= Data in this exercise =
# # # # #

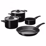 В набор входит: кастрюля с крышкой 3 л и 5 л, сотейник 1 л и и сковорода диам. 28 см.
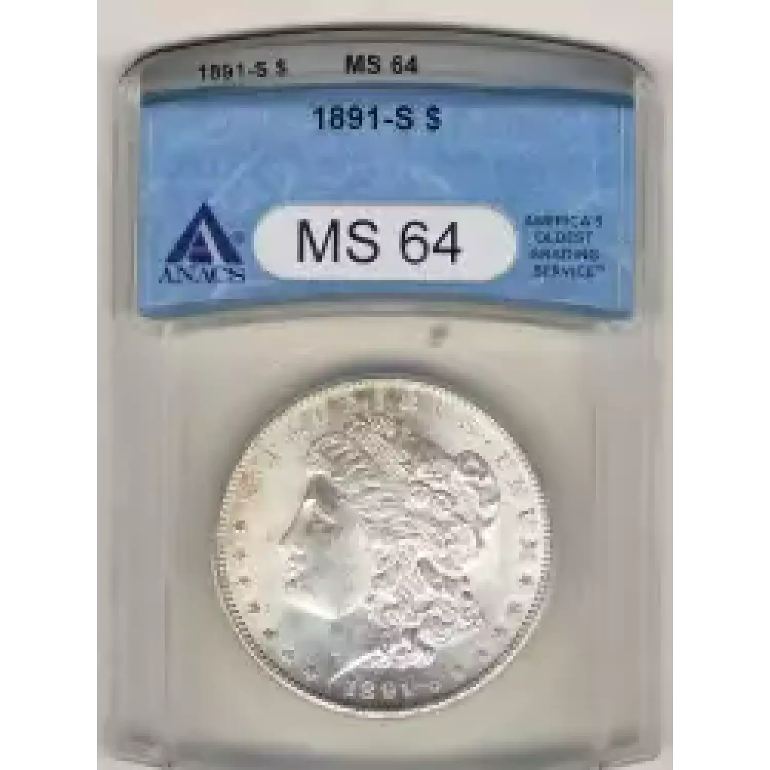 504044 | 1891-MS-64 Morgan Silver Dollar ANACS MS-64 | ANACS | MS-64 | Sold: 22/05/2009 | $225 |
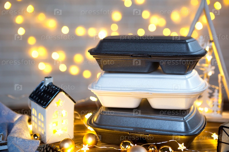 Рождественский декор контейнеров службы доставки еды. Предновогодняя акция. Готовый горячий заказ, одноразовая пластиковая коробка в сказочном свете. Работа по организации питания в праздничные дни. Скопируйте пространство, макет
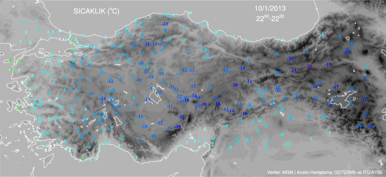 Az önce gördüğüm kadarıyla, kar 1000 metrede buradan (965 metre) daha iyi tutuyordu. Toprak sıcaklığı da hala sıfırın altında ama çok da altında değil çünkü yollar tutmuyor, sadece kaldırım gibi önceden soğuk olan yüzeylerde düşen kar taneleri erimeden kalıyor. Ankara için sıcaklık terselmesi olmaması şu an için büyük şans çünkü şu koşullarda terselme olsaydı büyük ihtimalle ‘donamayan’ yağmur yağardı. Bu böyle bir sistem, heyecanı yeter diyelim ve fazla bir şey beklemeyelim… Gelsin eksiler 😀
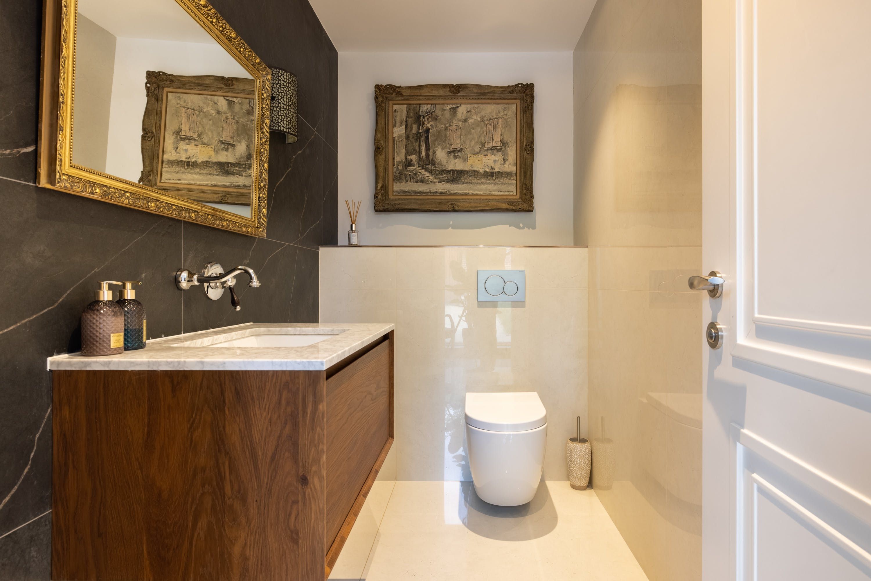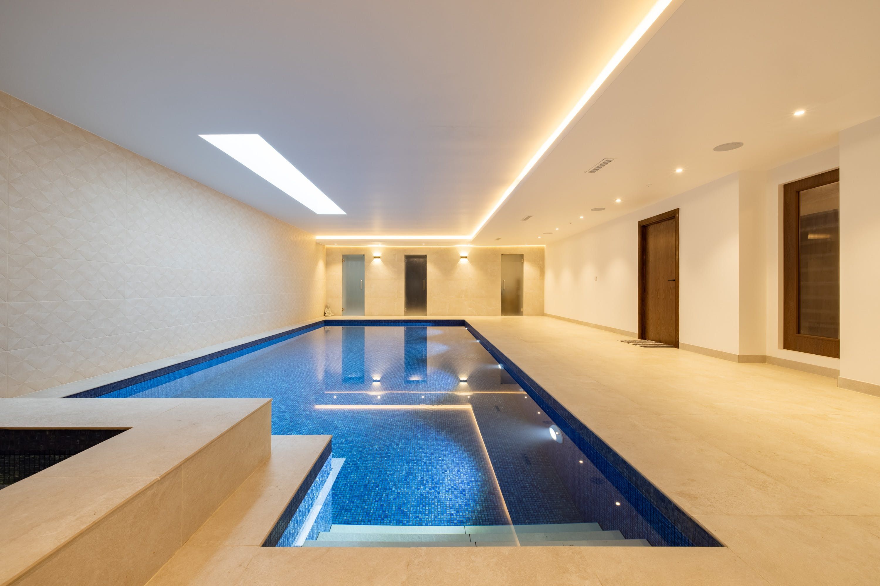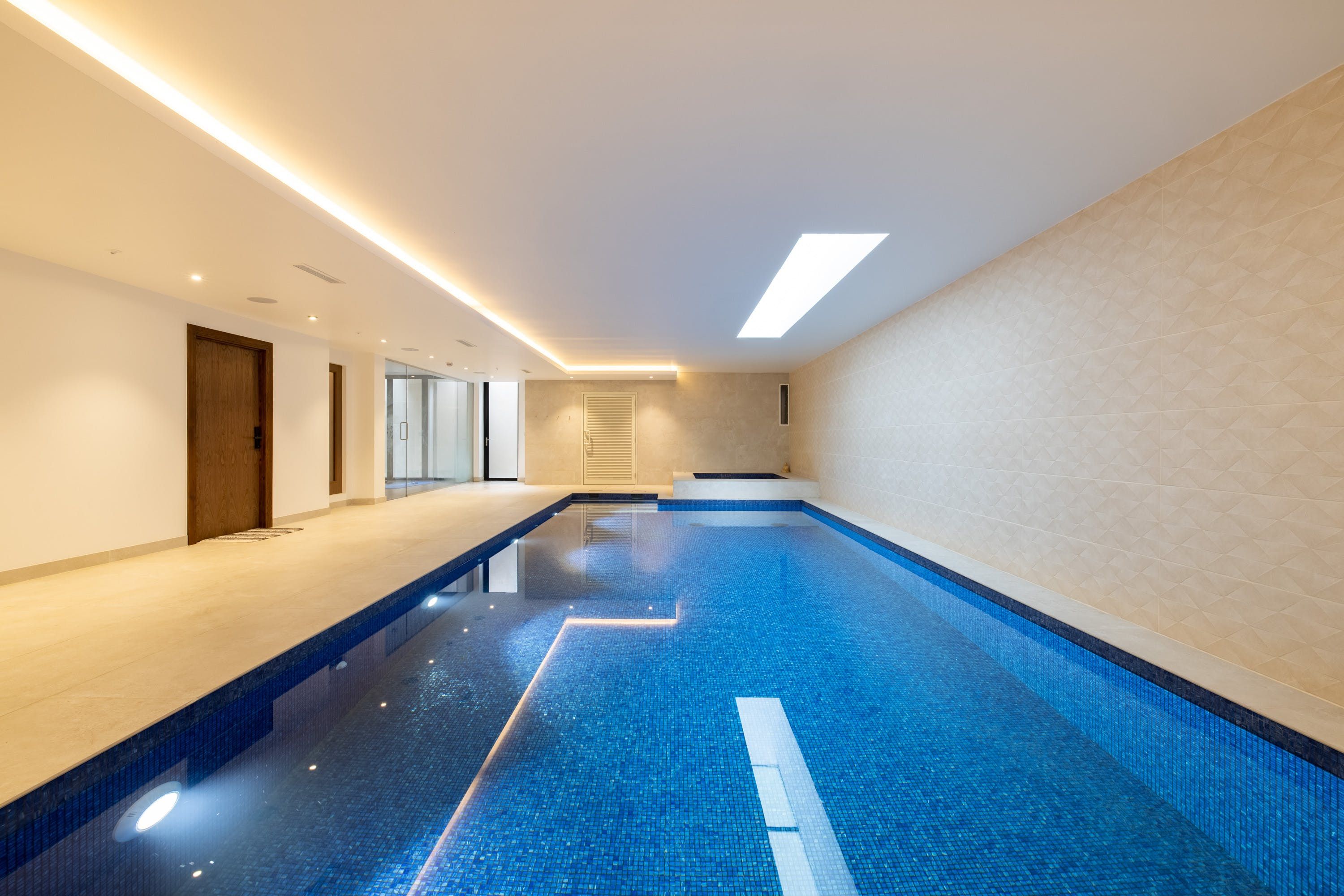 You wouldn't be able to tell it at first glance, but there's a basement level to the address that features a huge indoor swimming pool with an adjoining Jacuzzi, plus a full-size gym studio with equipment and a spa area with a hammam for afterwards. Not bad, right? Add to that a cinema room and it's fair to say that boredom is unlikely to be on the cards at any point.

# # # # #

Return only the lines from the one that contains "Az önce gördüğüm" through the closing line of the data, inclusive, reproduced exactly and with every picture left out.

= Solution to the exercise =
 Az önce gördüğüm kadarıyla, kar 1000 metrede buradan (965 metre) daha iyi tutuyordu. Toprak sıcaklığı da hala sıfırın altında ama çok da altında değil çünkü yollar tutmuyor, sadece kaldırım gibi önceden soğuk olan yüzeylerde düşen kar taneleri erimeden kalıyor. Ankara için sıcaklık terselmesi olmaması şu an için büyük şans çünkü şu koşullarda terselme olsaydı büyük ihtimalle ‘donamayan’ yağmur yağardı. Bu böyle bir sistem, heyecanı yeter diyelim ve fazla bir şey beklemeyelim… Gelsin eksiler 😀
 You wouldn't be able to tell it at first glance, but there's a basement level to the address that features a huge indoor swimming pool with an adjoining Jacuzzi, plus a full-size gym studio with equipment and a spa area with a hammam for afterwards. Not bad, right? Add to that a cinema room and it's fair to say that boredom is unlikely to be on the cards at any point.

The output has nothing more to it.